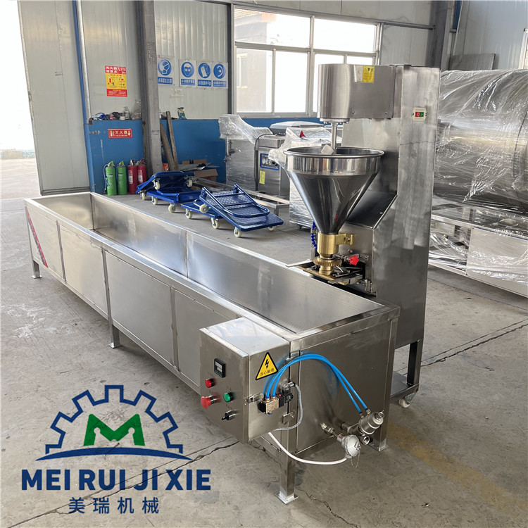 整套小型丸子加工生产线设备 多功能丸子成型机 鱼丸加工设备丸子加工之后还需要定型蒸煮,产量小可以选择用大盆或者是小的加热槽子来实现定型蒸煮,产量大的话需要蒸煮定型流水线,按照产量选择型号,蒸煮定型槽是按照米来的,需要几米采购几米,一段定型,一段预煮,蒸煮完之后进行量贩或者是风干冷却就可以了。
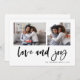 Casual Script Two Photo Grid | Love and Joy Holiday Card
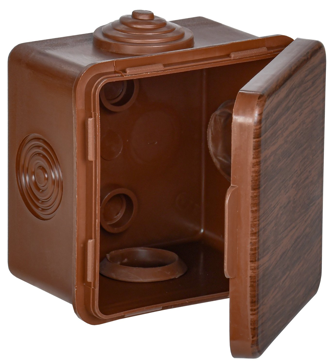 Монтажные коробки для открытого монтажа под структуру дерева предназначены для разветвления проводов и кабелей, также для скрытия и дополнительной защиты мест коммутации. Коробки для открытого монтажа используются как часть системы решений для деревянного домостроения, состоящей из гофрированных труб, клипс и коробок в цвет дерева.
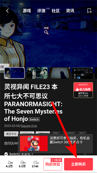 3、在游戲詳情頁可查看游戲評分、介紹等信息,若需購買,點擊立即購買。

Work instructions: Write out all of the data above exactly, without any of its pictures.

Response box:
 整套小型丸子加工生产线设备 多功能丸子成型机 鱼丸加工设备丸子加工之后还需要定型蒸煮,产量小可以选择用大盆或者是小的加热槽子来实现定型蒸煮,产量大的话需要蒸煮定型流水线,按照产量选择型号,蒸煮定型槽是按照米来的,需要几米采购几米,一段定型,一段预煮,蒸煮完之后进行量贩或者是风干冷却就可以了。
 Casual Script Two Photo Grid | Love and Joy Holiday Card
 Монтажные коробки для открытого монтажа под структуру дерева предназначены для разветвления проводов и кабелей, также для скрытия и дополнительной защиты мест коммутации. Коробки для открытого монтажа используются как часть системы решений для деревянного домостроения, состоящей из гофрированных труб, клипс и коробок в цвет дерева.
 3、在游戲詳情頁可查看游戲評分、介紹等信息,若需購買,點擊立即購買。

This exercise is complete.